Familia Torres

Familia Torres

This year, one of its most ambitious projects is to pilot a glass bottle reuse program for restaurants with possibility of launching it across EU if successful.

In a remarkable step towards ecological sustainability, Spain’s renowned winery Familia Torres is making significant strides with its Torres & Earth environmental program to reduce its greenhouse gas (GHG) emissions.

The winery has reduced its CO2 emissions per bottle by 36% from 2008 to 2022 from the vineyard to the consumer. This year, one of its most ambitious projects is to pilot a glass bottle reuse program for restaurants with possibility of launching it across EU if successful.

With an ambitious objective of attaining at least a 60% emissions decrease by 2030 compared to 2008 and aiming for net-zero emissions by 2040, Familia Torres is directing intensive efforts towards diverse strategies. These include harnessing renewable energies through photovoltaic self-consumption projects and biomass boilers, playing a pivotal role in emission reduction.

Furthermore, the winery is actively engaged in capturing and reusing CO2 emissions generated during the wine fermentation process, advocating for electric mobility, promoting organic vineyard rejuvenation, and embarking on extensive tree-planting endeavors. Notably, the 2022 balance sheet factors in CO2 absorption resulting from tree planting on self-owned lands in Chile — a venture initiated in 2019.

Expanding their commitment beyond in-house operations, Familia Torres is taking a holistic approach across the value chain. This includes innovative measures like deploying a CO2 calculator for grape suppliers, yielding substantial emission reductions transferred to the winery. Additionally, Familia Torres is exploring inventive solutions to minimize emissions linked to wine packaging, with a specific focus on reusing glass bottles in restaurants to curtail environmental impact.

Torres is experimenting with bottle reuse for HOREACA channel (pic: Torres)
Torres is piloting a trial with glass bottle reuse for HORECA channel (pic: Torres)

A symbol of their dedication to circular economy principles, Familia Torres is a proactive participant in Spain’s REBO2VINO project — a pioneering endeavor aiming to assess the feasibility of glass bottle reuse for HORECA channel. Orchestrated by the Federación Española del Vino (FEV), this initiative seeks to lay the groundwork for a national model with potential applications across Europe.

This coming summer, an experimental pilot test will be carried out in five Garraf establishments to know the environmental, technical and economic impact of this circular economy system. The participating restaurants are La Caleta, Los Vikingos, Costa Daurada and Can Laury, from Sitges, and Can Lloses, from Sant Pere de Ribes.
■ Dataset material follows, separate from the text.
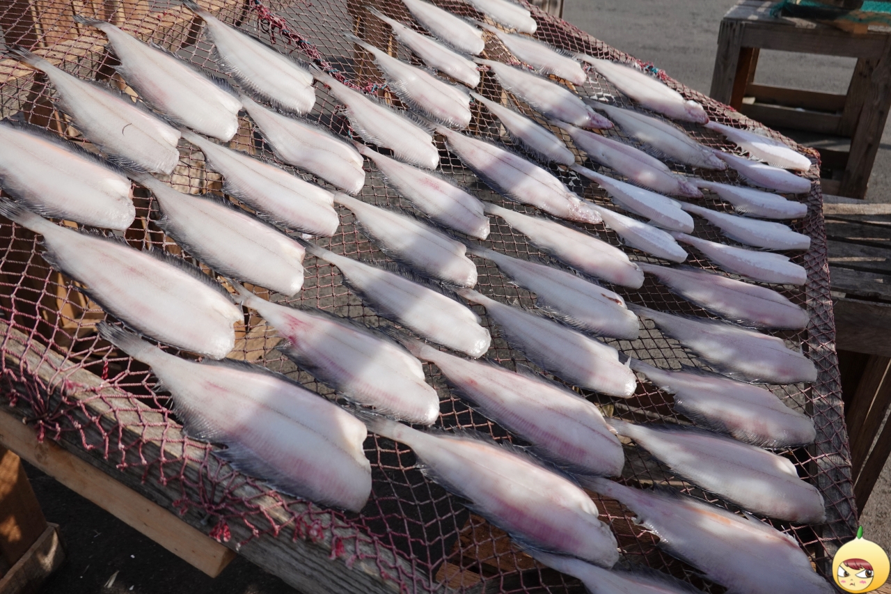 용가자미는 방어진항의 대표 해산물이자 제철이다 보니 점포마다 가자미를 말리느라 한창이다. 가자미는 생물로만 먹었기에 이런 풍경이 낯설다. 그런데 제철이고 산지이다 보니 잡히는 양이 어마어마할 거다. 생물로 팔기도 하겠지만, 다 소화할 수 없으니 건조는 선택이 아니라 필수이지 않을까 싶다.

Continuing their trajectory towards a sustainable future, Familia Torres has outlined several impactful actions for 2023. These encompass the execution of three new photovoltaic self-consumption projects atop the roofs of its main winery — an initiative projected to escalate total installed power by 25%. Additionally, the winery aims to amplify its innovative CO2 capture system during wine fermentation, a groundbreaking effort initiated during the 2021 harvest. This system captures CO2 generated in the fermentation process, repurposing it as an inert gas within wine vessels, effectively negating the necessity for external gas purchases.

Launched in 2008, the Torres & Earth program symbolizes Familia Torres’ commitment to addressing climate challenges and reducing their carbon footprint. With investments surpassing 19 million euros in adaptation and mitigation solutions, this program serves as a testament to the winery’s dedication to confronting climate change.

According to Miguel A. Torres, president of Familia Torres and promoter of the Torres & Earth environmental program: “in accord with scientific articles recently published in Nature journal, we are exceeding all limits for the Earth to be habitable, so we must accelerate and intensify efforts to reduce CO2 emissions, in all sectors and at all levels. Now more than ever, we must urgently decarbonize the economy and try to adapt to a climate reality that no one can question anymore.”